Conditional relative survival of cervical cancer: a Korean National Cancer Registry Study.

机构信息

Supportive Care Center, Department of Family Medicine, Samsung Medical Center, Sungkyunkwan University School of Medicine, Seoul, Korea.

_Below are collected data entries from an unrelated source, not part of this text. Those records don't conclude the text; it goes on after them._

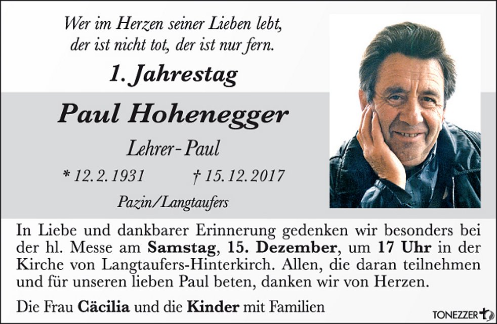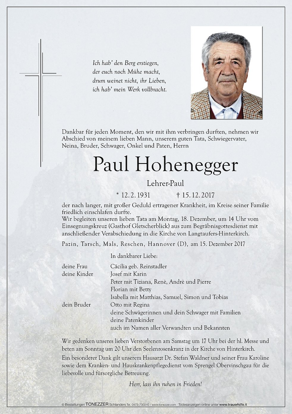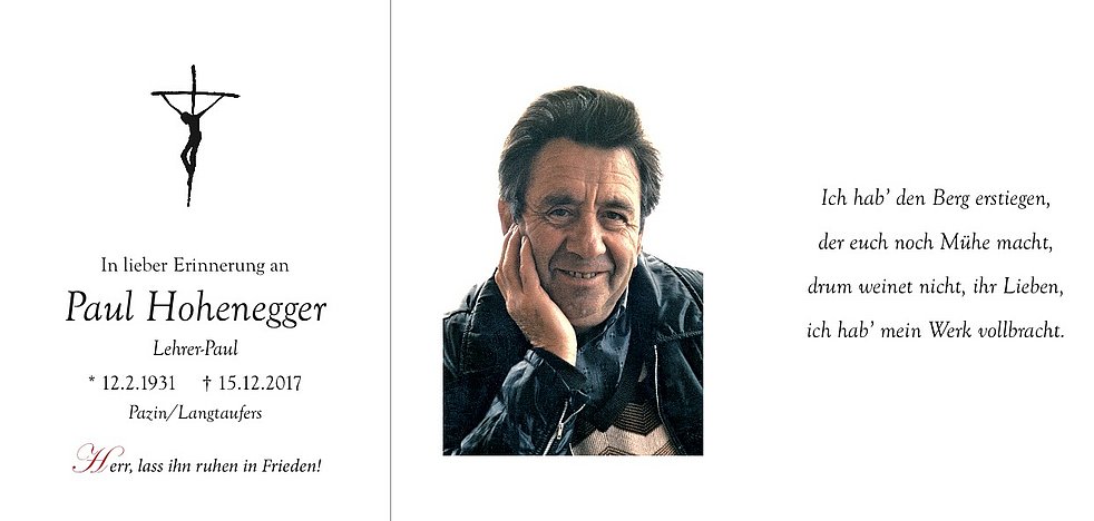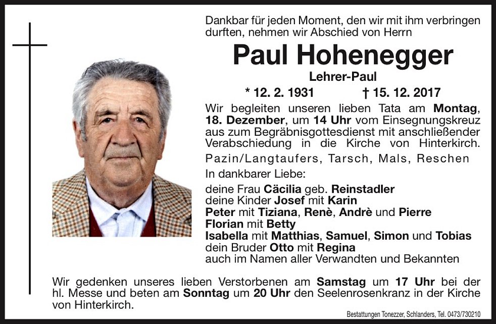 Wir begleiten unseren lieben Tata am Montag, 18. Dezember, um 14 Uhr vom Einsegnungskreuz (Gasthof Gletscherblick) aus zum Begräbnisgottesdienst mit anschließender Verabschiedung in die Kirche von Langtaufers-Hinterkirch.
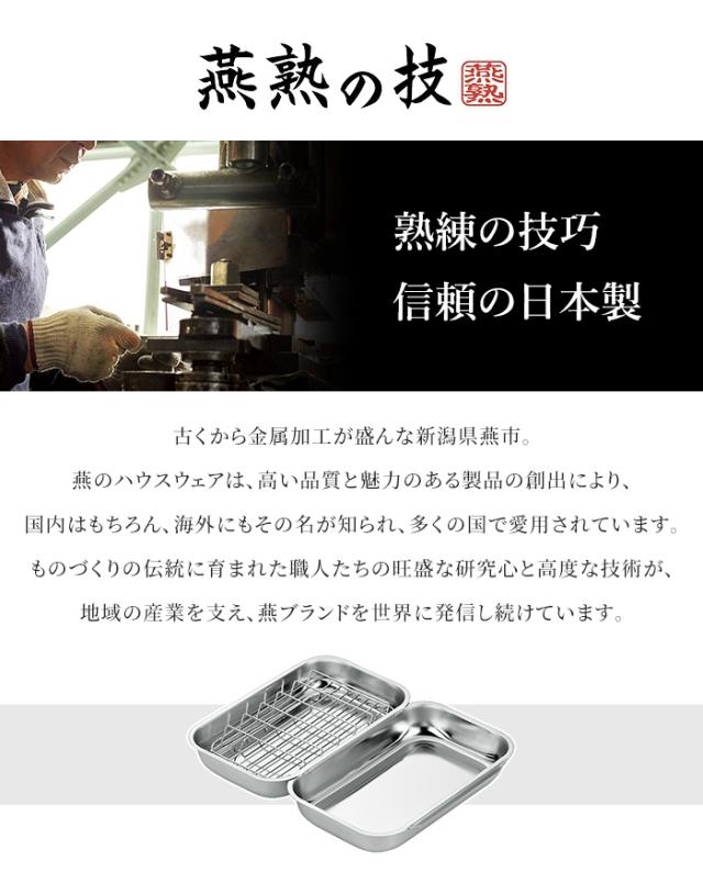 | 揚げ物を立てて置ける油切りアミ付きのステンレスバット。 食材を寝かせずに油切りできるため、余分な油を素早く落とし、揚げたてのサクッとした食感を保ちます。 バット同士は連携して使える設計で、衣付けから油切りまでの作業動線がスムーズ。 天ぷらなどの下ごしらえがしやすく、調理がはかどります。 本体は丈夫で耐久性に優れたステンレス製。 使用後は重ねて収納でき、省スペースで収納可能です。 金属加工の町・燕三条で丁寧に作られた日本製。 揚げ物はもちろん、下ごしらえや調理用バットとして幅広く活躍します。 |
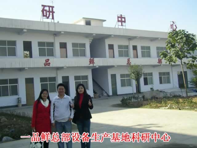 隨后,王威又開車把我們帶到處于市郊的王威一品鮮生產基地。在這個占地面積25畝的鄭州一品鮮食品機械制造廠里,一座占地兩層樓、使用面積近平米的科研中心也已投入使用,其非凡的實力引起筆者的很大感慨,數百萬元的科研投入,大手筆藍圖規劃,完善的加盟服務體系,難怪會成為加盟商趨之若鶩的黃金項目。
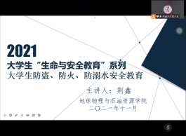 接下来,由地物学院荆鑫老师讲解有关防盗、防火、防溺水的注意事项。他以校区曾发生的真实事故,让同学们有了更真切的感性认识,并提醒同学们积极参加校区消防演习,了解逃生常识,对违规电器等可能引发事故的危险因素保持警觉。
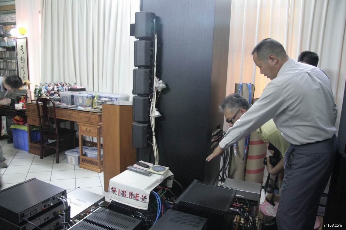 第三站是到做音箱都可以出名的牛人礼哥的府弟,礼哥的巨无霸组合本人感受最多,经过这几个月的不断改进调试,现在的改进是有目共睹,这么多嗽叭同时发声也非常协调,能做到宽松自然实在不简单。现在还多一对B&W DM3000成品名箱作对比,经过多次的反复比较,B&W DM3000和巨无霸音箱各有千秋,DM3000也不能立即取代巨无霸音箱的地位。大家都对礼哥的巨无霸感到惊讶,万元不到的成本,说有这样的音效实属难得。所以DIY的产品是经过不断的磨练改进才能达到好听性的产品,享受DIY的过程,才感觉DIY的乐趣。当天一众番禺顺德金耳朵发烧友对礼哥的巨无霞也作出肯定,对礼哥组合有这样的表现加以赞赏,也给了一些宝贵的经验给礼哥,希望礼哥的巨无霞有更进一步的表现。
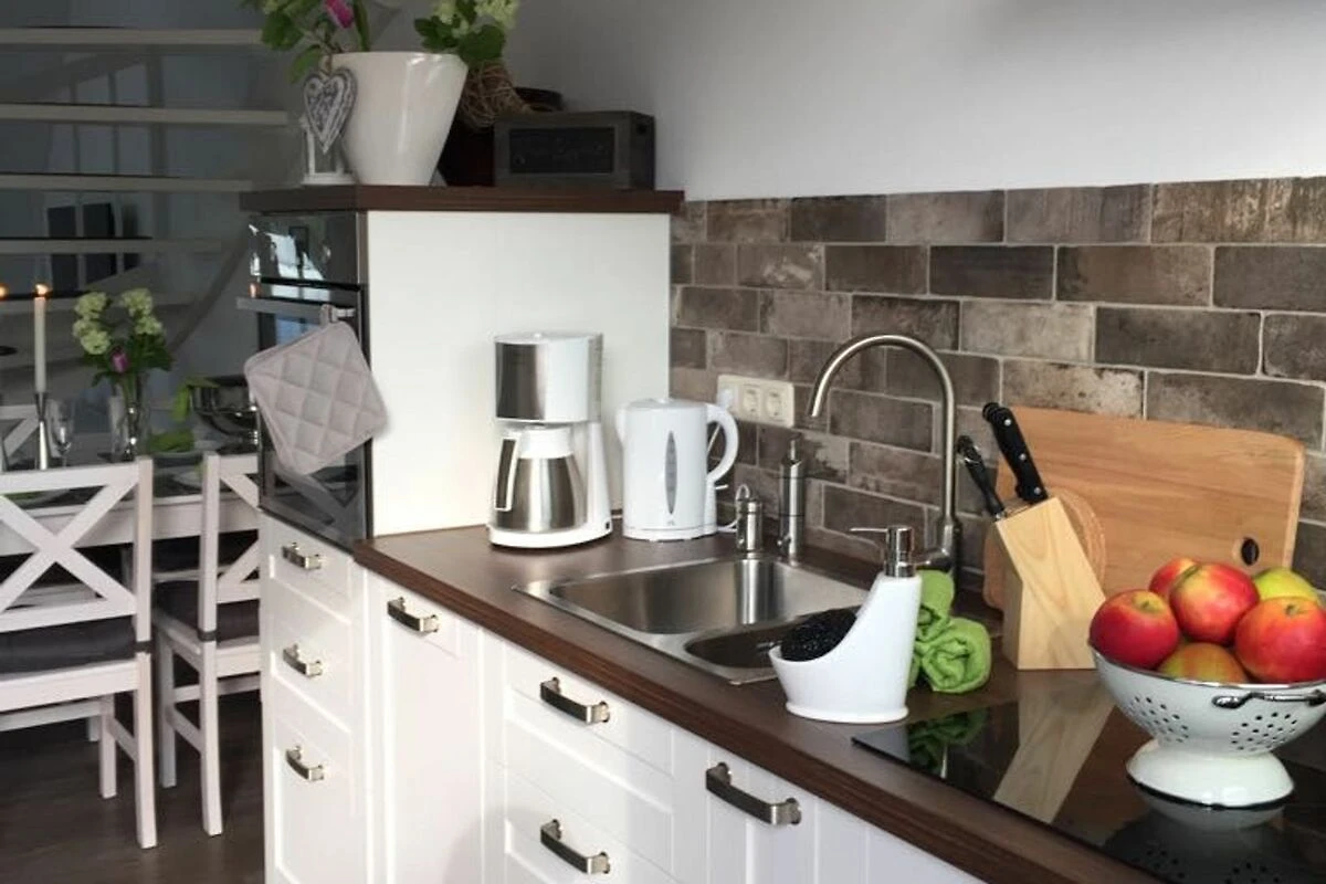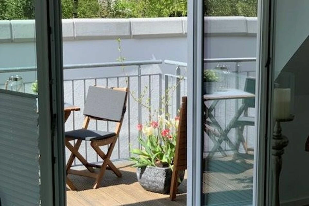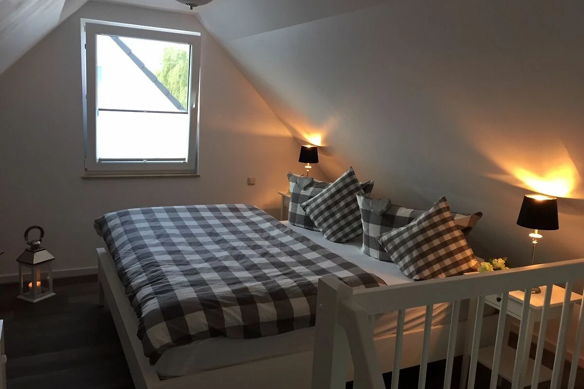 Die komfortable Ferienwohnung liegt im ersten Stock und verfügt über zwei Stockwerke mit Balkon.
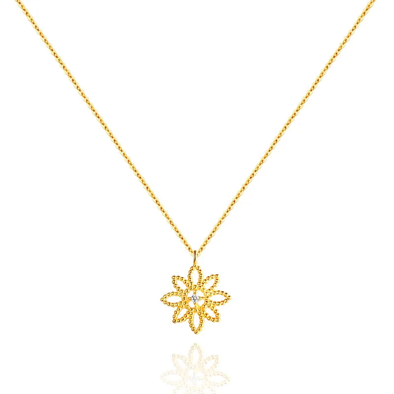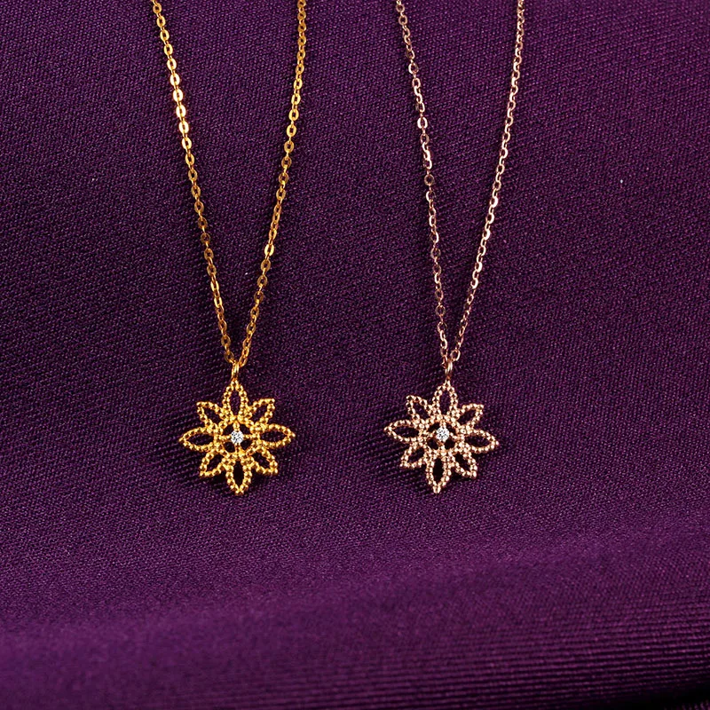 18K Gold Snowflake Diamond Lockstick Chain Rose gold Diamond Necklace White Gold Necklace Pendant genuine
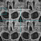 Gothic grunge Schwarz-Weiß Schädel Kopf nah nach oben Nähmaterial Design. Geräumig, gruselig, böse, finstere, makabre Gewebe. Cooles, trendiges, einzigartiges, modernes, beängstigendes Halloween-Muster. Bildrecht Marg Seregelyi Fotografie.
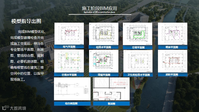 完成BIM模型优化、完成模型碰撞检查并完成施工交底后,导出各专业管线平面图、剖面图、管线综合图、留洞图,必要机房详图,明确每根管线在建筑三维空间中的位置,以指导现场施工。

Department of Clinical Research Design & Evaluation, Samsung Advanced Institute for Health Science & Technology (SAIHST), Sungkyunkwan University, Seoul, Korea.

出版信息

J Gynecol Oncol. 2021 Jan;32(1):e5. doi: 10.3802/jgo.2021.32.e5. Epub 2020 Oct 26.

Abstract

OBJECTIVE

Conditional relative survival (CRS) considers changes in prognosis over time and may offer more useful estimates for survivors. We aimed to investigate CRS among patients with cervical cancer stratified by various factors that influence survival probability.

METHODS

This nationwide retrospective study used data from the Korean Central Cancer Registry. We included 78,606 patients diagnosed with cervical cancer as their first cancer between January 1, 1996 and December 31, 2015, and who were followed until December 31, 2016. CRS and the conditional probabilities of death for the following 1 year were stratified by age at diagnosis, histology, cancer stage, treatment, year of diagnosis, and social deprivation index.

RESULTS

The 5-year relative survival rate at the time of diagnosis was 80.6% for all cases. The probability of surviving an additional 5 years conditioned on having already survived 1, 2, 3, 4, and 5 years after diagnosis was 85.7%, 90.6%, 93.5%, 95.3%, and 94.3%, respectively. Patients with poorer initial survival estimates (older, advanced stage, non-squamous cell histology) generally showed the largest increases in CRS over time. Patients aged ≥70 years had the highest probability of death in the first year after diagnosis (24.5%), but the conditional probability of death in the 2nd, 3rd, 4th, and 5th years declined abruptly to 13.1%, 7.5%, 5.4%, and 3.9%, respectively.

CONCLUSIONS

The CRS rates for patients with cervical cancer improved over time, particularly among patients with poorer initial prognoses. Our estimates enable patients to make better informed decisions regarding follow-up care and their personal life.

摘要

目的

条件相对生存率(CRS)考虑了随时间变化的预后变化,可能为幸存者提供更有用的估计。我们旨在研究按影响生存概率的各种因素分层的宫颈癌患者的 CRS。

方法

这是一项全国性回顾性研究,使用了韩国中央癌症登记处的数据。我们纳入了 1996 年 1 月 1 日至 2015 年 12 月 31 日期间首次被诊断为宫颈癌的 78606 名患者,并随访至 2016 年 12 月 31 日。CRS 和以下 1 年的死亡条件概率按诊断时的年龄、组织学、癌症分期、治疗、诊断年份和社会剥夺指数分层。

结果

所有病例的 5 年相对生存率为 80.6%。在已经生存了 1、2、3、4 和 5 年后,再存活 5 年的概率分别为 85.7%、90.6%、93.5%、95.3%和 94.3%。初始生存估计较差的患者(年龄较大、晚期、非鳞状细胞组织学)通常随着时间的推移,CRS 增加幅度最大。≥70 岁的患者在诊断后第一年的死亡概率最高(24.5%),但第二年、第三年、第四年和第五年的死亡条件概率急剧下降至 13.1%、7.5%、5.4%和 3.9%。

结论

宫颈癌患者的 CRS 率随时间推移而提高,尤其是在初始预后较差的患者中。我们的估计使患者能够更好地了解随访护理和个人生活的相关决策。